Because it works with larger sizes, my guess is that cuFFT is not liking 1252 x 210945. Reading this post:
https://devtalk.nvidia.com/default/topic/1026698/gpu-accelerated-libraries/large-data-size-for-cufft/

It is suggested that the dimensions should be a power of 2, 3, 5 or 7… for optimal performance, not as a requirement. I also couldn’t find any explicit limitation mentioned in the documentation, and the 64M/128M conclusion of the OP probably comes from:
https://devtalk.nvidia.com/default/topic/520201/cufft-size/
https://stackoverflow.com/questions/13187443/nvidia-cufft-limit-on-sizes-and-batches-for-fft-with-scikits-cuda

Which doesn’t seem to be the case anymore due to the larger allocations passing fine.
Do you guys know what is happening?

System is:
CUDA 9.1, Ubuntu 16.04, GTX 1080Ti, driver 390.81
CUDA 9.1, RHEL 6.10, GRID P40-8Q, driver 390.75

Don’t know what you mean by “the larger allocations passing fine”

Are you assuming you can infer what the necessary temporary allocation size would be based on the transform size and batch size?

I would suggest:

  1. You can’t, most likely.
  2. It should be measured (it’s possible to get an idea of what is going on - read the CUFFT docs completely especially the sections about work size and the API variants that allow you to take control of the work size) for any credibility/certainty
  3. It is almost certainly not directly correlated to something as simple as transform size.
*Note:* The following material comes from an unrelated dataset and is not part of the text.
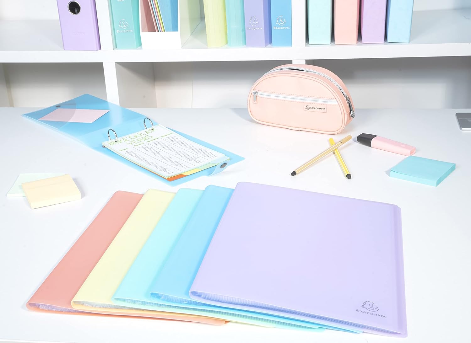 Following the success of the Chromaline range, very popular in school and office, Exacompta launches Chromaline pastel, an assortment of soft colors for a zen and hygge atmosphere. For the home office or school, find the essentials of the translucent polypropylene filing in trendy colours matching the Aquarel range. Also known as display cases or binders, the document covers allow easy flipping of documents. To choose your portfolio, identify the number of pages in your folder and choose the capacity accordingly. 1 pocket = 2 views (front and back). Document holders are also called display books, or bindings, or even Lutin. They are intended to classify and protect documents that will be consulted like a notebook. Consider the document covers with pocket on the cover. Customizable, they ensure beautiful presentations. A semi-rigid or rigid display book will be easier to store upright on a shelf. It will better support large ranking abilities. A very rigid document cover can be used as a press-book or menu. Made of PVC, the cover is made of rigid cardboard covered with PVC.

Hint: one of the prime factors of 1252 is 313.

The CUFFT API may need very much more temporary space, depending on the specific factorization pattern of the transform size. A larger transform size does not necessarily mean more temp space will be needed.
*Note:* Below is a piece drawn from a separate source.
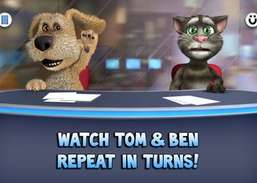 Talking Tom andamp; Ben News adiciona um novo capítulo à saga do Talking Tom, com todos os tipos de novos truques e recursos para mantê-lo entretido. Neste programa, Tom e seu amigo Ben se unem para apresentar tudo o que você diz como notícia, ao mesmo tempo que travam uma travessura um contra o outro.

On my Tesla V100 32GB GPU, your code seems to run correctly, and watching nvidia-smi, seems to need about 15GB of space on the GPU. About 2GB of that is the cudaMalloc allocation. Most of the remainder is attributable to cufft plan needs. The error reported by CUFFT is precisely what is happening.

Here is a recent thread demonstrating the use of cufftEstimate1D:

https://devtalk.nvidia.com/default/topic/1056420/gpu-accelerated-libraries/cufftestimate-memory-consumption/

Try adding this to the beginning of your program:

size_t s = 0;
cufftEstimate1d(1252, CUFFT_C2C, 210945, &s);
cout << "cuFFT estimated size: " << s << endl;

I was indeed assuming that the transform allocation size was directly defined by NX * BATCH, so in my head, if 4096 * 98304 was going without error, why 1252 * 210945 wouldn’t…
I definitely see the impact of the factorization mentioned on your first reply.
Changing to 2048 will require an estimated 3GB (against the 12GB if it was 1252).

Thanks a lot for your help, sir. I’m back on track now.

NX = 1254 also results in a relatively low allocation size (~2GB)

prime factors of 1254: 2,3,11,19

If you’re OK with 2048 it may still run faster than NX=1254

That’s what I am probably going to do, yes. If the number of samples is more than 1024 but less than 2048, pad to 2048.
This information was critical because it also means that the way I predict the work size (input, output, intermediate data…) is wrong. Better late than later…